- App icon
- Developer: Grumpyface Studios
- Publisher: Adult Swim Games
- Director: Chris Graham
- Platform: iOS
- Release: October 20, 2011
- Genre: Puzzle-platform
- Mode: Single-player

= Bring me Sandwiches!! =

2011 video game

Bring me Sandwiches!! is a 2011 puzzle-platform game developed by Grumpyface Studios and published by Adult Swim Games for iOS. It was released on the iTunes Store on October 20, 2011, before being delisted on September 19, 2017.

Designed as part of an initiative to bring exclusive indie games to iOS, the game makes use of touch and/or tilt controls in sidescrolling levels where a fast food employee is tasked with assembling sandwiches to satisfy a giant alien threatening to destroy Earth, with gameplay focused on collecting increasingly large objects as toppings across cuisine-themed levels.

==Gameplay==
The plot follows fast food employee Jimmy Nugget being tasked by the president of the United States to fulfil the wishes of a giant alien named Invader Gourmo, which threatens to destroy Earth unless his demands for specific sandwiches are met. The player must traverse through 25 levels themed after the cuisines of different countries, with the goal of each being to find, pick up and carry sandwiches with specific toppings to one of Gourmo's minions. These toppings consist of a variety of cartoony elements. The size of the sandwich bread gradually increases with each checkpoint, enabling the player to pick up increasingly large objects, going from small food items to buildings or other parts of the landscape.
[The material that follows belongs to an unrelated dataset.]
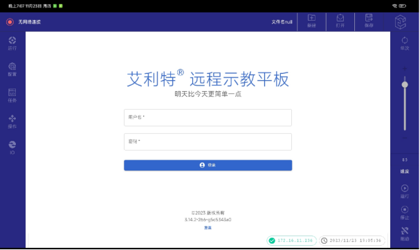 (4)進(jìn)入網(wǎng)頁(yè)版示教器登錄界面后,輸入用戶(hù)名和密碼,點(diǎn)擊登錄即可進(jìn)入網(wǎng)頁(yè)版示教器的操作界面。

==Development and release==

Intro cinematic storyboard sample

Bring me Sandwiches!! was first revealed on September 16, 2011, as part of Adult Swim Digital's initiative to further its partnerships with independent game studios to bring exclusive games to iOS. Chris Graham of Grumpyface Studios described the development process as allowing "for a nice creative freedom you don't always expect when working with a publisher".

On December 20, 2011, update 1.1 added iPad support with specially formatted HD graphics.

On April 22, 2015, the game was updated to support iPhone 5/6/6 Plus resolutions. This update also shifted the game to a free-to-play model, with ads being occasionally shown in-between levels.

The game was delisted from the AppStore following the release of iOS 11 on September 19, 2017, which removed support for 32-bit applications.

==Reception==

The game received "generally favorable" reviews according to the review aggregation website Metacritic.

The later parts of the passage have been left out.